The dates of the historical Buddha
There is no reliable information concerning the dates of the historical Buddha's life that has been unanimously accepted by Buddhist tradition and by scholars. Traditional dates of the parinirvāṇa (the decease of the Buddha) range widely from 2420 b.c.e. to 290 b.c.e. The dates proposed by scholars who contributed to a 1988 symposium in Göttingen, Germany, on The Dating of the Historical Buddha, vary from 486 b.c.e. (the so-called corrected long chronology) to 261 b.c.e. The TheravĀda tradition calculates the death of the Buddha to have occurred in 544 or 543 b.c.e., 218 years before the consecration of King AŚoka (ca. 300–232 b.c.e.) as calculated by this tradition. Taking into account the obvious error in this chronology, which was discovered when exact dates for King Aśoka became known, most Western and Indian scholars calculate 487 or 486 b.c.e. as the date of the Buddha's death. However, early Buddhist texts from mainland India belonging to the Mūlasarvāstivāda tradition, as well as two references in the earliest historiographic work of the Theravāda tradition (the Dīpavaṃsa or The Chronicle of the Island [of Sri Lanka]) date this event to one hundred years before the rule of King Aśoka, or 368 b.c.e. (the so-called short chronology). In addition, later Tibetan and East Asian Buddhist texts provide a considerable variety of earlier dates.

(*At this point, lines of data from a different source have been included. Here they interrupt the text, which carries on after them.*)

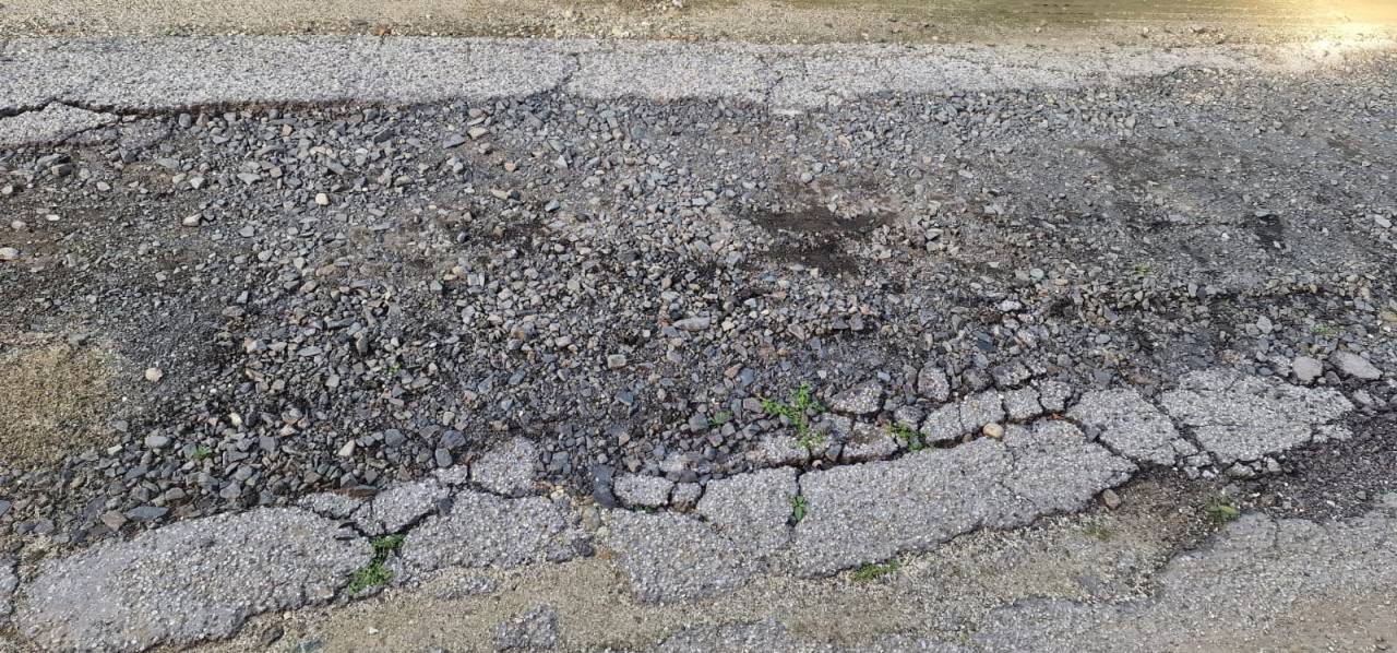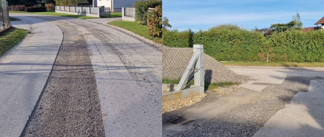 Izvajalec del je podjetje Teleg-m, kot je razvidno iz spodnje fotografije, pa je cesta v slabem stanju in morebiti celo nevarna za udeležence v prometu.
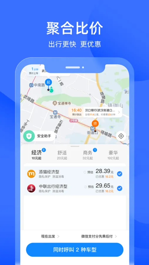 支持多种用车场景,实时用车、预约用车,打车先享后付或预付,安全可靠。
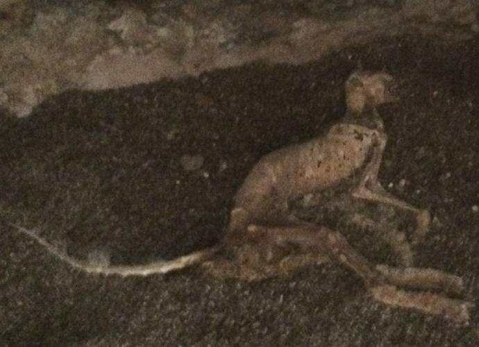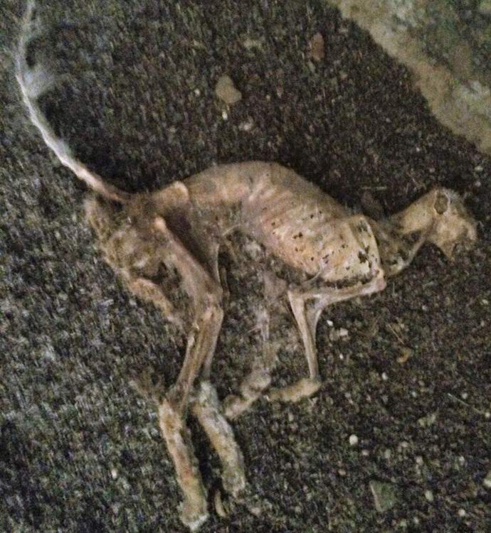 Amerikai szerint: “Úgy döntöttem, hogy kicsit visszaléptem a híres személytől engem sétál és fedez fel olyan helyeket, ahol még nem voltam. Kikapcsolás a a tervezett útról kb. egy kilométert sétáltam, és átmentem egy kis barlang mumifikált maradványaival egy bizonyos lény. Egy sarokban feküdt a távoli egyikben ágak. Hosszú hátsó lába volt és viszonylag jó rövid és hosszú farok. A fej kissé hasonló. macskán, de ez határozottan nem macska. Az állat viszonylag kicsi, de nagyon heves megjelenésű. Talán chupacabra kölyök, nem felnőtt. ”

The lists of the so-called patriarchs are of great importance for a reliable calculation of the dates of the historical Buddha. All early Buddhist traditions list only five patriarchs, not enough for an interval of 218 years between the Buddha's parinirvāṇa and King Aśoka. In Indian tradition, information about the succession of teachers was much more reliably handed down than any dates. For this and many other reasons, including the state of development of Indian society at the time of the Buddha, we may conclude that the Buddha passed away at a later date than that handed down by Theravāda tradition, including its variant, the corrected long chronology. Although the available information does not allow scholars to arrive at an exact dating, it is safe to suppose that the Buddha passed away some time between 420 b.c.e. and 350 b.c.e. at the age of approximately eighty years.

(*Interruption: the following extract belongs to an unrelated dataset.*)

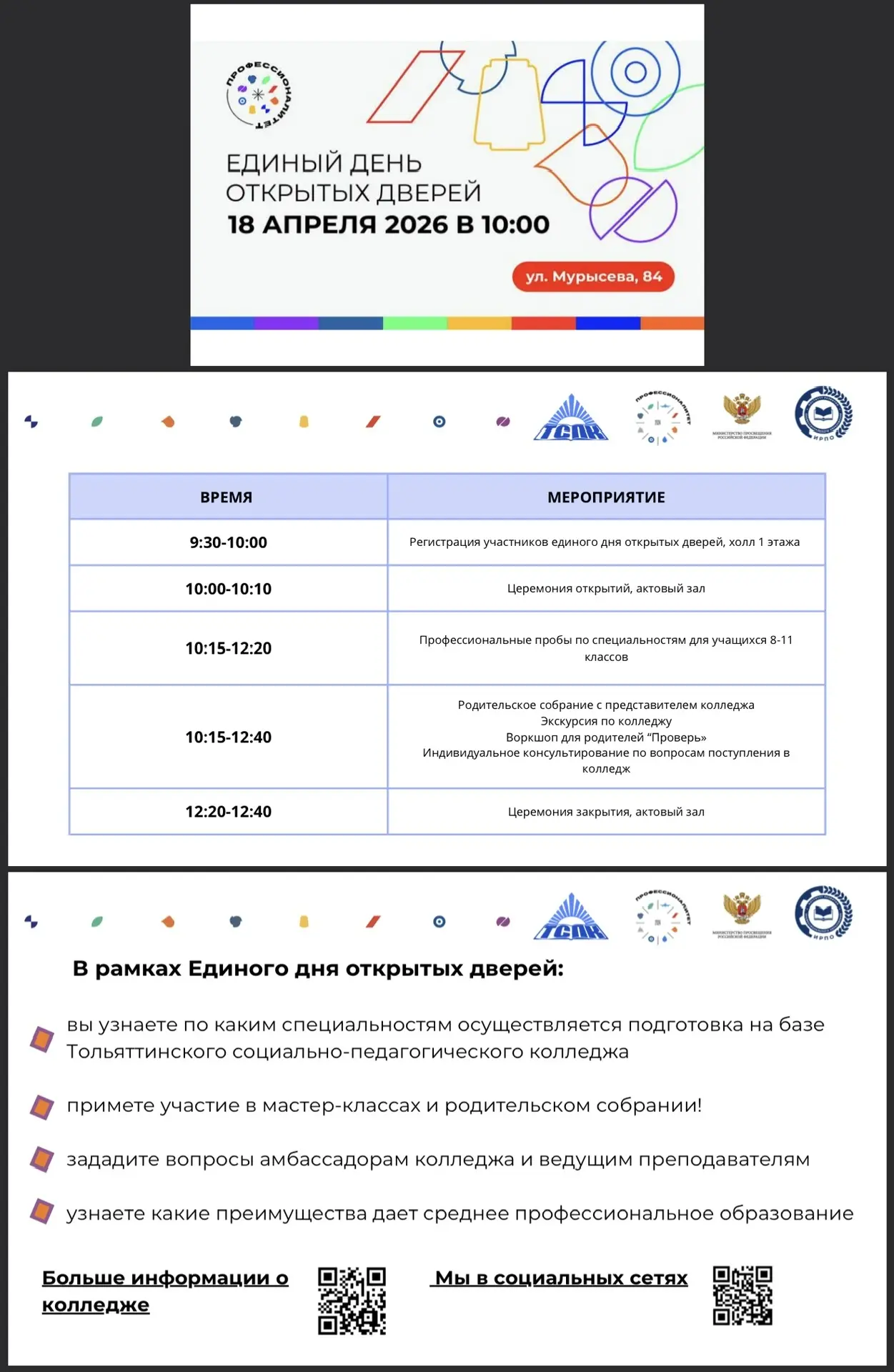 В рамках проведения Единых дней открытых дверей в колледжах профессионалитета 18.04.2026 в 11.00 пройдёт областное родительское собрание в формате онлайн "Профессионалитет-63".Для участия в собрании необходимо зарегистрироваться по ссылке: https://click.ru/3Spv72

Sources for the biography of the historical Buddha
On the basis of the available sources it is possible to reconstruct a fairly reliable biography of the man who was to become the Buddha. The sources are the canonical texts of the Theravāda, the SarvĀstivĀda and MŪlasarvĀstivĀda, and the Dharmaguptaka traditions. Only the Theravāda texts are fully extant in the original Indian version in Pāli; the texts of the other traditions are fully extant only from Chinese or Tibetan translations and partially from incomplete Sanskrit texts. These texts do not provide coherent biographies of the historical Buddha, but they do offer considerable autobiographical and biographical information that was handed down during the first three to five centuries after the death of the Buddha. Oral tradition of the Buddha's teaching in various local dialects was responsible for minor differences in these traditions and for the insertion of mythic lore, which shall not be considered in the following summary of the Buddha's biography.
The life of the future Buddha
Before his departure from home. The historical Buddha was born into the Śākya family, which belonged to the kṣatriya (noble) caste, considered by Buddhists to be the highest caste. He was later known by the honorary title Śākyamuni, which means "sage of the Śākya clan." The Śākyas were not kings, but they formed a class of nobles within a republican system of government that held regular meetings of the members of the leading families. The future Buddha belonged to the Gautama clan, so he was later on known as Gautama Buddha. His individual name was Siddhārtha (Pāli, Siddhattha), his father's name was Śuddhodana (Pāli, Suddhodana), and his mother's name was Māyā. Detailed information on Māyā is mainly derived from later literature. The family resided in Kapilavastu (Pāli, Kapilavatthu) at the foot of the Himalayas near the present-day Indian-Nepalese border. The future Buddha is said to have been born in Lumbinī, also near the Indian-Nepalese border. In 248 b.c.e., Aśoka placed a pillar with an inscription commemorating the birth of Śākyamuni Buddha (the socalled Rumminde inscription) in Lumbinī. Therefore, it is certain that during the time of Aśoka this place was identified as the birthplace of the Buddha. Lumbinī is considered to be one of the four main Buddhist pilgrimage sites on the Indian subcontinent.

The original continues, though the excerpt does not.